# PSA - LEFT HANDED... Early 80's Tokai MIJ Breezysound Telecaster in Ayr, ON



## greco (Jul 15, 2007)

This goes out to all the leftys (lefties?)

I am not related to or associated with the seller in any way.

http://www.kijiji.ca/v-guitar/missi...er/1143102847?enableSearchNavigationFlag=true


----------



## sambonee (Dec 20, 2007)

Steep price Id say. Good guitar though.


----------



## sulphur (Jun 2, 2011)

sambonee said:


> Steep price Id say. Good guitar though.


Steep for the guy that seems to snag all the deals. 8)

It's not that far off, I'd say that there's a Kijidiot buffer involved in that price.


----------



## sambonee (Dec 20, 2007)

Fair. And I agree I hunt pretty hard. Been an addiction for 27 years. I'm probably at 240 guitars that have come through my door. New word time. Glutty. (Guitar + slutty). I confess. 

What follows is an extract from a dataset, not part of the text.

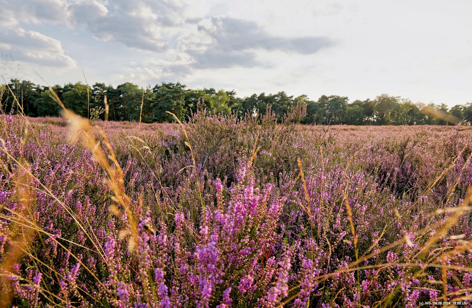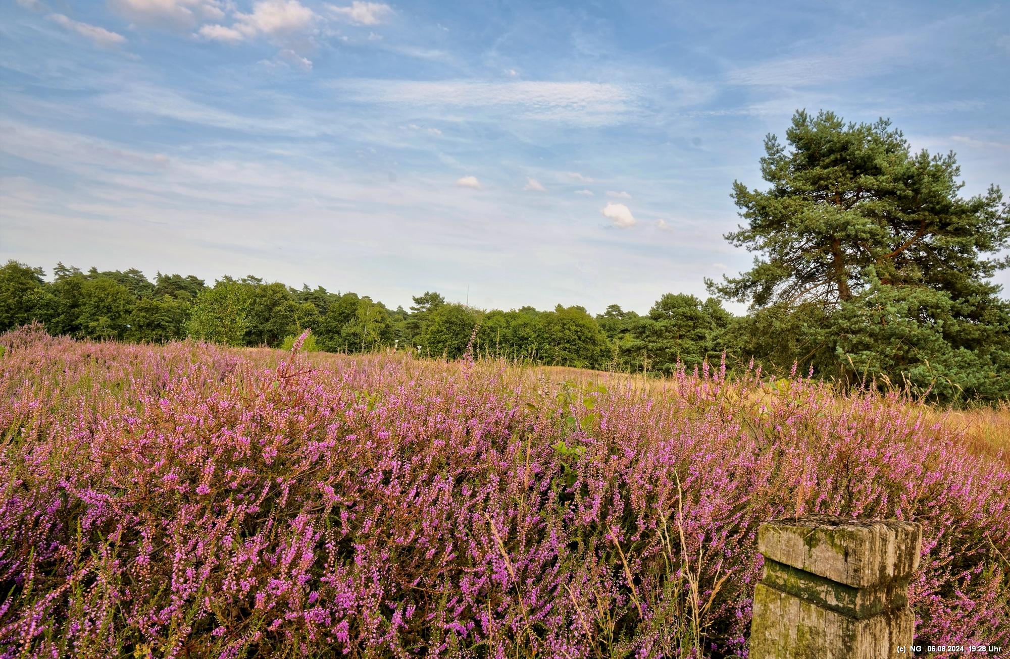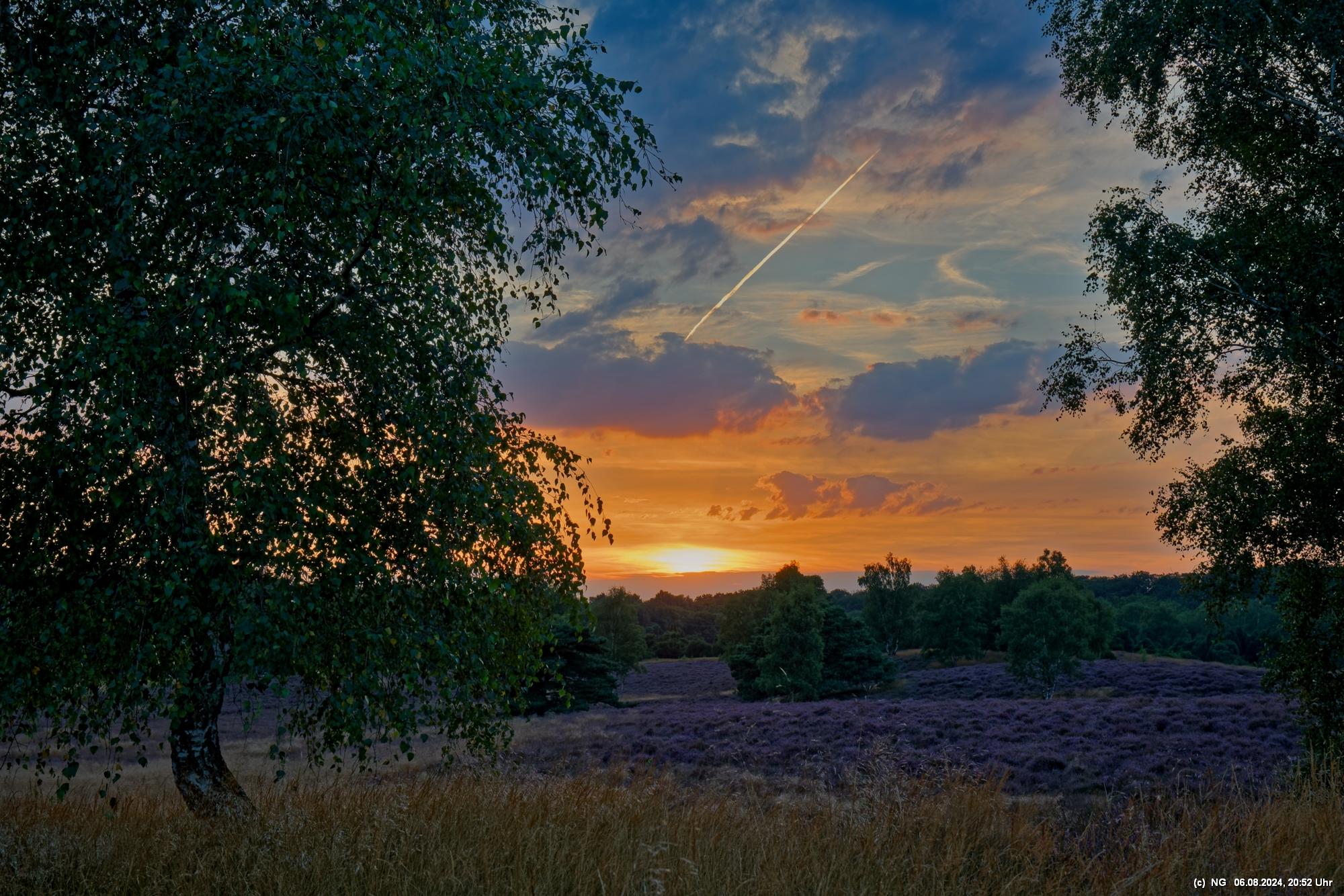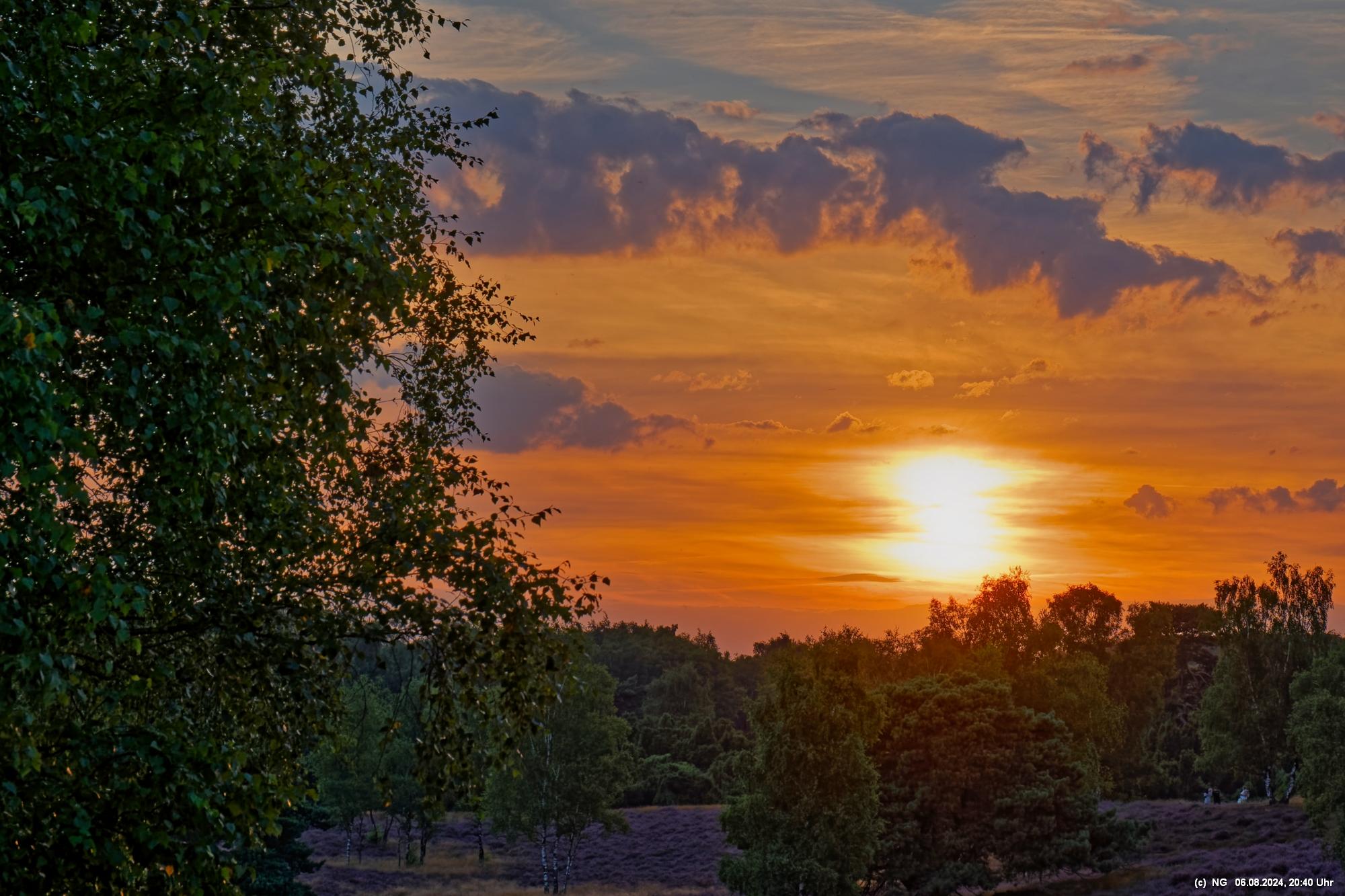 Und die in der größten zusammenhängenden Heidelandschaft in NRW nach dem vielen Regen in diesem Jahr besonders ausgeprägt. Es leuchtet und duftet überall. Mit Mitgliedern der Fotogruppe "Revierblicke" ging es in die Heide. Wir wollten den Sonnenuntergang sehen und fotografieren. Das Wetter war gut und die Heide nicht besonders voll. Also - ideale Bedingungen - bis auf den Sonnenuntergang selber. Durch hohe Wolken war die Sonne nicht klar sichtbar. Aber es hat sich allemal gelohnt!

Realistically it should sell for $400-575. There was a Tokai LH Strat near Toronto with the desirable fender headstock for $400. That was a deal.


----------



## sulphur (Jun 2, 2011)

I think that you're on the money. 
Condition would dictate which end of that range it would fall in.

That Tokai sounded like a steal, was it in rough shape?


----------



## sambonee (Dec 20, 2007)

Not at all. In was in bellville. And it was a lefty. I was trying to get my leftie buddies. To grab it by no. Heck it could still be with that dude. I think he was willing to go $375. This was about 8-12 months ago.


----------